Your syntax reduces verbosity for elements that have only attributes, or attributes and text:
pXML: [img (src=ball.png alt=Ball)]
your syntax: [img src=ball.png alt=Ball]
pXML: [a (href=link target=blank) Click here]
your syntax: [a href=link target=blank / Click here]
But it makes elements with text only less user-friendly:
pXML: [div text]
your syntax: [div / text]
or: [div/text]
I compared many other examples. An important point is to consider typical markup code (e.g. XHTML):
pXML: [p This is [i italic] and [b bold]]
Your syntax: [p/This is [i/italic] and [b/bold]]
In this case the pXML code is easier to read and write.
As with brackets, there is no absolute-best-one-size-fits-all syntax. The challenge is to choose (among the infinite set of possible syntaxes) a syntax that is well suited in most cases.
In the context of pXML, it is important to have a user-friendly syntax for markup code and config data.
Moreover, it is always possible to provide optional lenient parsing for specific domains. However, lenient parsing requires look-ahead parsing (and maybe also regexes), which makes parsing more complex and less efficient. Lenient parsing also requires more rules, and sometimes there must be specific rules for specific tags. Therefore lenient parsing should not be part of basic pXML.
However it can make the syntax much more user-friendly in specific use cases. As explained in the article, I use lenient parsing in PML[^] (makes PML code succinct). Here is an example:
strict pXML: [image (source=ball.png title="Red ball")]

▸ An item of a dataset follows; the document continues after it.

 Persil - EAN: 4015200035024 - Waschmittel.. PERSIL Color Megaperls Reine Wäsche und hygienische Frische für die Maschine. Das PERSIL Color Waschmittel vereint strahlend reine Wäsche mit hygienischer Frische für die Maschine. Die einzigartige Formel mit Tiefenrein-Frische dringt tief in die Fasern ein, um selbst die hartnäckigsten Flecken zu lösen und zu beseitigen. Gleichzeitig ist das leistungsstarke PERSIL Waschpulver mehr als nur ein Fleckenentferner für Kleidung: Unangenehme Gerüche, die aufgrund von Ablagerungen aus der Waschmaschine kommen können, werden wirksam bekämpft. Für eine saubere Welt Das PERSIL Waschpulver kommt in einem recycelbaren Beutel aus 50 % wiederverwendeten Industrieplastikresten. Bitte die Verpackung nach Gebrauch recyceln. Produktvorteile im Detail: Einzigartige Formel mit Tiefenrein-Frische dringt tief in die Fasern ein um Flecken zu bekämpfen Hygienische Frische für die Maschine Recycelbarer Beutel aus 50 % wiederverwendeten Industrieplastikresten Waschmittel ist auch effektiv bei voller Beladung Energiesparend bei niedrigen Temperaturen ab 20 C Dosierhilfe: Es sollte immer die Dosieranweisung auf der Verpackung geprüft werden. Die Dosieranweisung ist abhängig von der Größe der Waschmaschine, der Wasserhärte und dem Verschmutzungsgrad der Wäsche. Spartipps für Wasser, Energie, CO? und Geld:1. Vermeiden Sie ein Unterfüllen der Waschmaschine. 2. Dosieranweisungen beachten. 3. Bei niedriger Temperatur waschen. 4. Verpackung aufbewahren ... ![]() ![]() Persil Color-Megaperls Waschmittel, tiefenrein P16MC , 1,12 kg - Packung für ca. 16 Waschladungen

lenient PML 1: [image source=ball.png title="Red ball"]
lenient PML 2: [image source=ball.png title=Red ball]
final PML: [image ball.png title=Red ball]
Thanks for your suggestions.
|
|
|
|
|
|
|
Nice and clean. XML is just too darn wordy.
Roger House
|
|
|
|
|
|
Your bracket choice of [ ] may be true for a QWERTY keyboard but we live here in France with an AZERTY one. It requires CTRL and ALT. I do not like to trigger this pair.. a DEL ( SUPPR on french keyboard ) is not far from reach !
|
|
|
|
|
> we live here in France with an AZERTY one
How many people in the world are using an AZERTY (french) keyboard? And how many use a QWERTY (english) keyboard?

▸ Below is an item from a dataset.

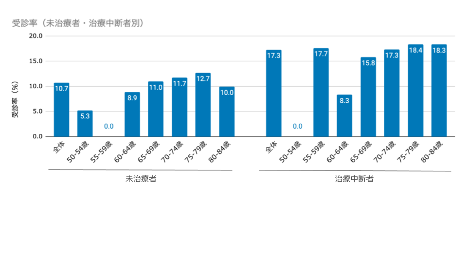 3.性別では女性、未受診者/治療中断者の別では治療中断者でより高い受診率でした。

If a designer has to favor one or the other he/she will select the keyboard that most people use.
Unfortunately there is no bracket pair that is easy to type on all keyboard layouts (as can easily be verified here).
To minimize the need for typing inconvenient key combinations, it might be useful to use an editor/tool that allows you to reconfigure your keyboard, use hotkeys, predefined code snippets, auto-completion, etc.
modified 22-Apr-21 3:35am.
|
|
|
|
|
Perhaps a better solution would be to allow an optional pml document header that allows the writer to specify what the bracket characters are, and the tokenizer adjusts appropriately? Make the default [] and let the rest of the world pick ones that work better for their keyboard layouts?
|
|
|
|
|
Yes, that's a good suggestion. Thank you.
See my answer[^] to another member who suggested a BRACKETS parameter.
|
|
|
|
|
I agree 100 % with the rationale behind PML and pXML
|
|
|
|
|
Glad you liked it. Thank you so much.
|
|
|
|
|
|
|
Meanwhile, in Lisp syntax:
(doc title:"Test"
(ch title:"An Unusual Surprise"
(p Look at the following picture:)
(image source:"images/strawberries.jpg")
(p Text of paragraph 2)
(p Text of paragraph 3)))
Seems like you've got a crippled re-implementation of Lisp syntax.
Every year modern programming languages get a little bit closer to the feature set of mid-eighties Lisp, so I'm not surprised that the syntax itself is being independently rediscovered.
TLDR - All languages converge on Lisp features, and all syntax converges on S-expressions.
|
|
|
|
|
Member 13301679 wrote: Seems like you've got a crippled re-implementation of Lisp syntax.
So you took a pXML example, replaced [] by () , replaced the indentation at the end with ))) (to make it look like Lisp), and then tell people that pXML is just "a crippled re-implementation of Lisp syntax". Unbelievable! Terribly unfair and simply wrong!
Member 13301679 wrote: All languages converge on Lisp features
Many languages use brackets to define boundaries (e.g. C- and Java-like languages use {} , XML uses <> , pXML uses [] ). But that doesn't make these languages "Lisp-like" if you just replace the brackets with () . Wrong and useless statement.
Member 13301679 wrote: all syntax converges on S-expressions
Wrong too (unless you mean that all syntax is just a list of tokens). pXML does not use s-expressions, although it might seem like that for people who don't understand the basic concepts. Consider this:
s-expression: (a b c d)
pXML: [a b c d]
The first example (s-expression) denotes a list with four elements: a , b , c , and d .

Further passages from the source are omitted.